Olusegun Aganga, Minister of Industry, Trade and Investment gave a charge at the inauguration of the board of directors of the Bank of Industry in Abuja that the government had directed the newly appointed board to increase its current credit portfolio to the micro, small and medium enterprises (MSME) sector.

“It’s not just a question of reviewing it, it’s easy to place it on about 20 or 25 per cent but that’s in terms of portfolio sizing. The real question is will it have enough traffic in terms of approved loans to this sector or segment coming in to feel up that particular portfolio,” head of retail banking at Diamond Bank, Jude Anele told CNBC Africa.  

(READ MORE: SMEs in Nigeria need more support)


“There are a lot of issues lending to small and medium enterprises (SMEs). There are quite a few banks that are lending to SMEs in Nigeria – with the true sense of word lending to them.

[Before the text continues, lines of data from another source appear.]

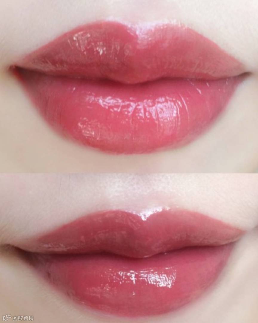 非常显嫩的一个红色,薄涂偏水红,厚涂红得比较正,非常显白不老气。
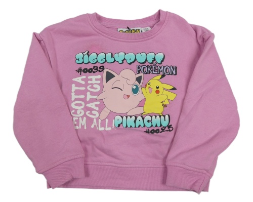 Růžová mikina s pokémony a nápisy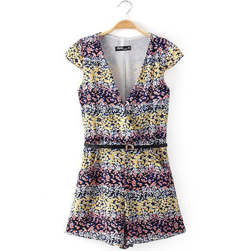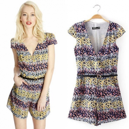 You look so sweet and sunny in this jumpsuit. It features floral print style,with v-neck and short sleeve design.

Those that are doing it have felt some impact but I think it could be a lot better than it is today.”

According to Anele a lot of banks have the challenge of the type of risk that is involved with lending to MSMEs.

“The critical challenge of our programs has been that of the risk profile of this small and medium scale enterprise. Until we find ways to de-risk them and make most of their propositions bankable then the better we are at growing that loan portfolio.”

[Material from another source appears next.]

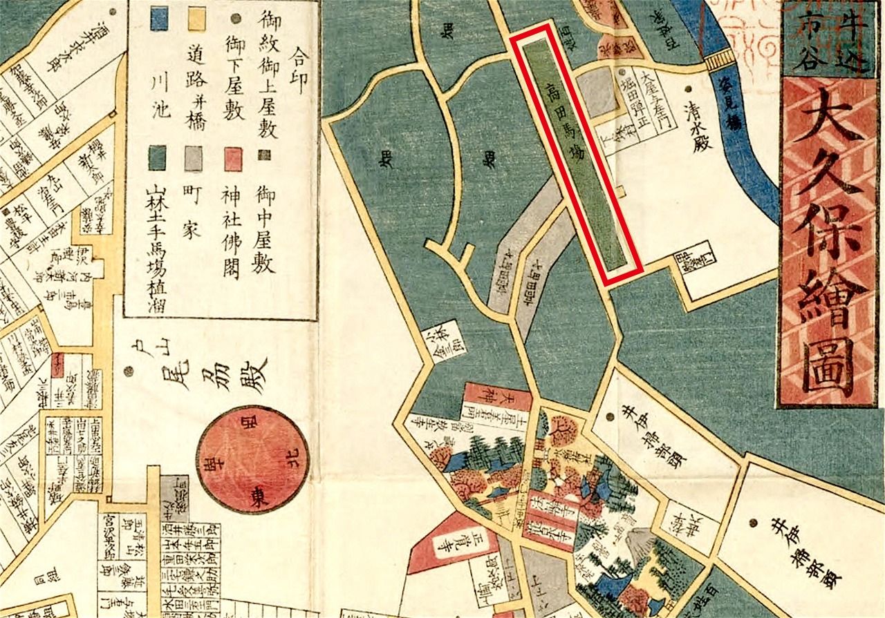 ”خرائط إيدو كيريئيزو: خريطة أوكوبو“ التي تم إعدادها بين عامي 1849 و1862. الجزء المستطيل داخل الإطار الأحمر يُمثّل منطقة تاكادانوبابا (أرشيف مكتبة البرلمان الوطنية)

Some Banks have taken different measures over the years to make things better for the MSME sector. But these measures have not really reflected, however need to increase so as to upscale it so the impact can be felt.

“The issue is that of scale. If you look at a bank like Diamond Bank, for the past four and a half years it has been lending to MSME’s without collateral. There are some defaults obviously, but what you do is that you learn from the mistakes that you make.”

“Diamond Bank did this as a result of some program that [the bank] had with the International Finance Corporation which helped us build a framework for assessing  MSME loan applications and being able to lend to them without collateral and that’s called flow lending.”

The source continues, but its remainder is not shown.